Rethinking Magic and Kinship From the Trobriands

Bronislaw Malinowski's path-breaking research in the Trobriand Islands shaped much of modern anthropology's disciplinary paradigm. Yet many conundrums remain. For example, Malinowski asserted that baloma spirits of the dead were responsible for procreation but had limited influence on their living descendants in magic and other matters, claims largely unchallenged by subsequent field investigators, until now. Based on extended fieldwork at Omarakana village – home of the Tabalu "Paramount Chief" – Mark S. Mosko argues instead that these and virtually all contexts of indigenous sociality are conceived as sacrificial reciprocities between the mirror worlds that baloma and humans inhabit.
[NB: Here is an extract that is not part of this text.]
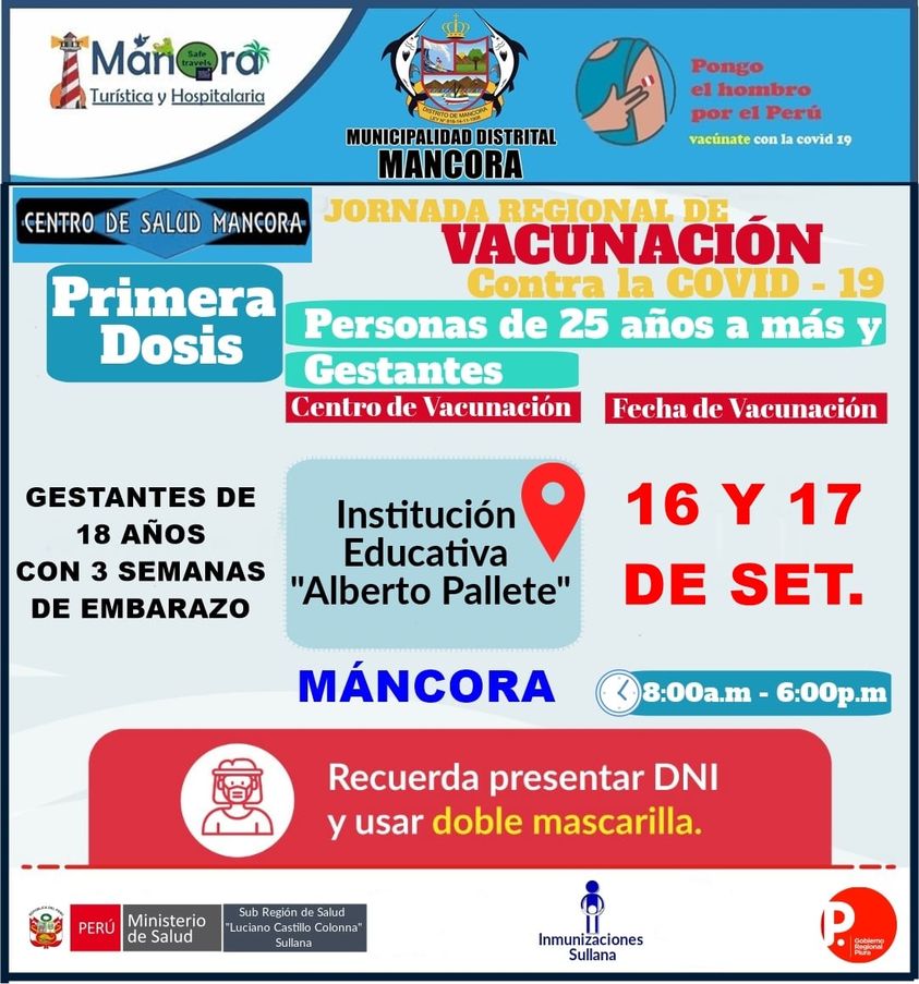 Continúa la vacunación en Máncora. Las personas de 25 años a más recibirán su primera dosis contra la covid este jueves 16 y viernes 17 de setiembre en las instalaciones de la I.E. Alberto Pallete.

Informed by a synthesis of Strathern's model of "dividual personhood" and Levy-Bruhl's theory of "participation", Mosko upends a century of discussion and debate extending from Malinowski to anthropology's other leading thinkers. His account of the intimate interdependencies of humans and spirits in the cosmic generation and coordination of "life" (momova) and "death" (kaliga) strikes at the nexus of anthropology's received wisdom, and "Ways of Baloma" will inevitably lead practitioners and students to reflect anew on the discipline's multifold theories of personhood, ritual agency, and sociality.

About the Author

Mark S. Mosko is professor emeritus in the Department of Anthropology in the School of Culture, History, and Language at the College of Asia and the Pacific at the Australian National University.